# plastering / roofing work?



## foggy1981 (Jul 7, 2011)

Hi i am currently living in the uk and im wanting to move and work in america does anyone know where to look for work or how to go about this in anyway ?. i have my own plastering roofing and building company here in england but ive always wanted to move to america i now think the time is right any info would be greatfull thanks


----------



## Bevdeforges (Nov 16, 2007)

Moving to the US is very much dependent on your finding employment and an employer ready and willing to sponsor your visa application. This normally means you need a "professional" job that requires (at a minimum) a 4 year university degree.
Cheers,
Bev


----------



## twostep (Apr 3, 2008)

I do not want to rain on your parade just give you some food for thought. Aside from the visa issue - you need a contractor's license and your specific licenses.
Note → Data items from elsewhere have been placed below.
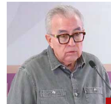
Ya Rubén Rocha Moya reconoce su incapacidad.
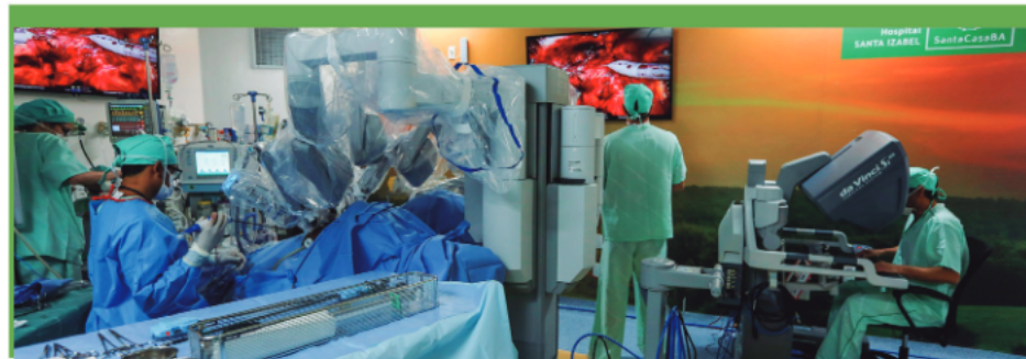
Primeira cirurgia robótica
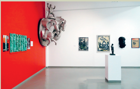
Ebelingmuseet Eskilstunavägen 5, Torshälla ebelingmuseet.eskilstuna.se

På Ebelingmuseet visas verk ur samlingen med konstnärerna Allan, Marianne och Harriet Ebeling samt Foto Bäckstrand-arkivet. Museet har även två rum för tillfälliga utställningar samt verkstad för skapande verksamhet.
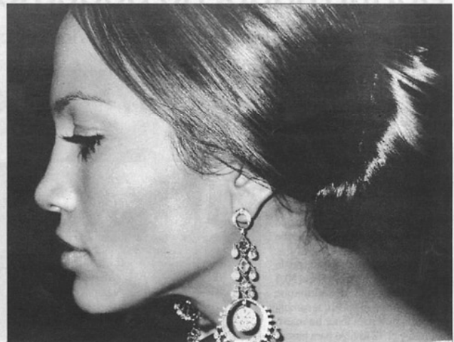
Jennifer Lopez muestra su mejor perfil
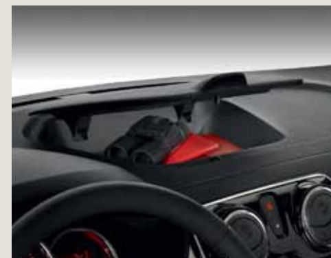
Отделение в горната част на арматурното табло
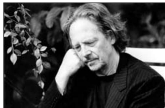
Pisatelj Peter Handke, po materi Slovenec
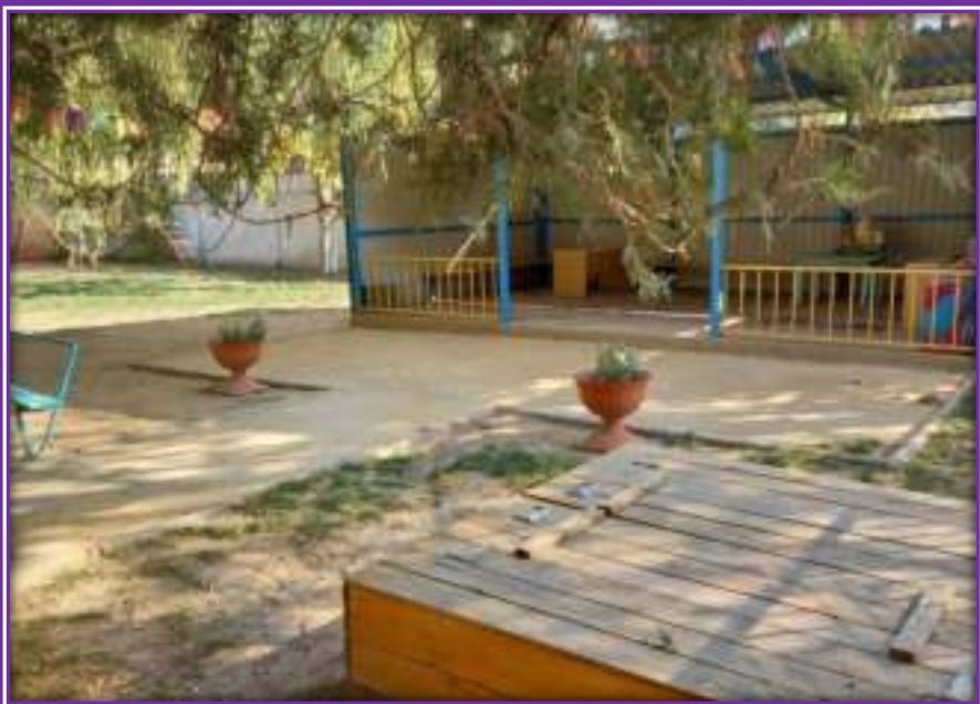
Прогулочная площадка группы «Радуга»

Теневой навес - 1, песочница-1, песочница-лодка-1, лестница для лазания
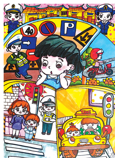
丰县首羡镇和集中心幼儿园 大(1)班 于可欣 指导教师:朱林
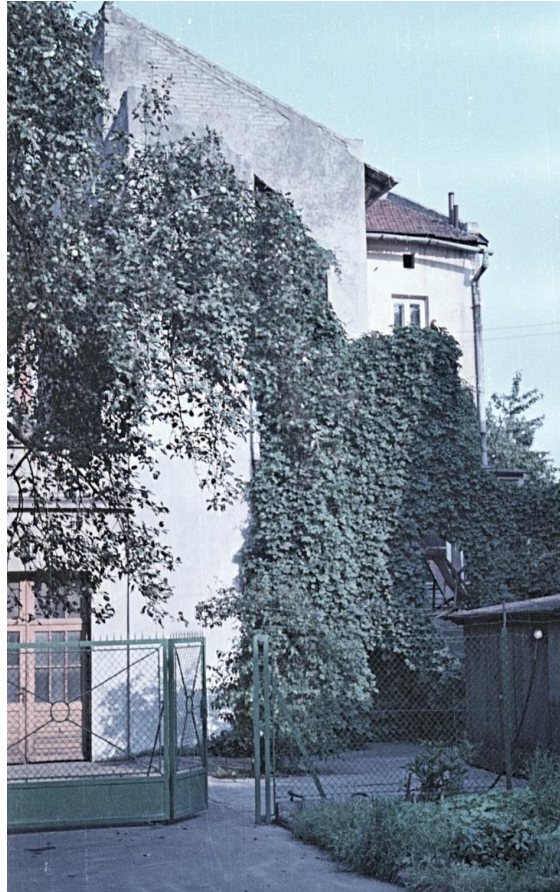
Widok domu w 1971r.

You have neither crew, equipment, suppliers, contacts, customers, insurance/bonds and contruction is not what it is in the UK. I just watched a crew felt and shingle a 4500 sqf single story house in 100F+ in a day.
Please read up a bit on visa requirements. Stickies at the beginning of the US forum are userfriendly. 
Why the US? What do you think will a move do for you and your family? Again - visa issues aside.


----------



## kimo (Feb 12, 2011)

foggy1981 said:


> Hi i am currently living in the uk and im wanting to move and work in america does anyone know where to look for work or how to go about this in anyway ?. i have my own plastering roofing and building company here in england but ive always wanted to move to america i now think the time is right any info would be greatfull thanks


I noticed you have the exact same post on the Canada, Australia, New Zealand, Italy and Spain forum, the only thing you changed was the country you "always wanted to move to". Why should anyone to think you are serious?


----------